Over the weekend, Kelly and I took a nice hike between two stops on the railway that runs up the Calder River.  On the lower valley slopes, sheep graze over close-cropped hillsides of deep green grass bordered in dry-laid stone walls.  But on the high ridges where no grazing occurs, the strange, low flora of the wild Moor reigns.  The deep, spongy beds of moss, ferns, heather and grass extend for miles in spectacular mottled patterns.  It's comfortable though uneven walking off trail.  The ground is often saturated, but the structure of the vegetation allows a walker to stay relatively dry.  Along trails, where the vegetation is flattened, it can be a boggy mess, and many trails are actually paved in stone.  These amazing pathways of thick flagstone are indicative of the heroic efforts which have been invested in the Yorkshire landscape by its industrialists and community-minded residents.  We had a great tromp up to the ridgeline, caught one of these stone highways (the 250 mile Pennine Way) for a few miles, then descended to hike along a canal tow-path into Hebden Bridge.  
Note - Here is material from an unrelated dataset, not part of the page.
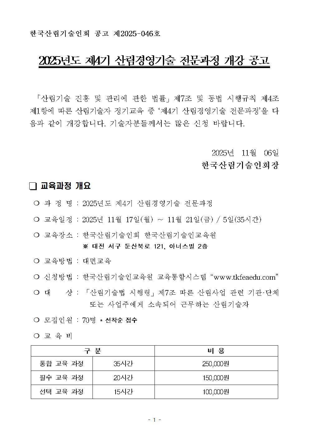 [제2025-046호] 제4기 산림경영기술과정 개강 공고

Well-made stone walls are a defining feature of this area and, I imagine, of much of the old country.  When hiking in the hills near Leeds, these walls provide a welcome windbreak from the cool and often misty wintertime winds.  If you've sought shelter from a stiff breeze behind a un-mortared wall, you'll know that the wind can find its way through gaps between the stones and create a weak draft.  We passed this stone wall, where wind-carried grass had been chinked into these gaps by the draft through the wall.  Also, hijinks from a rope swing on the way down.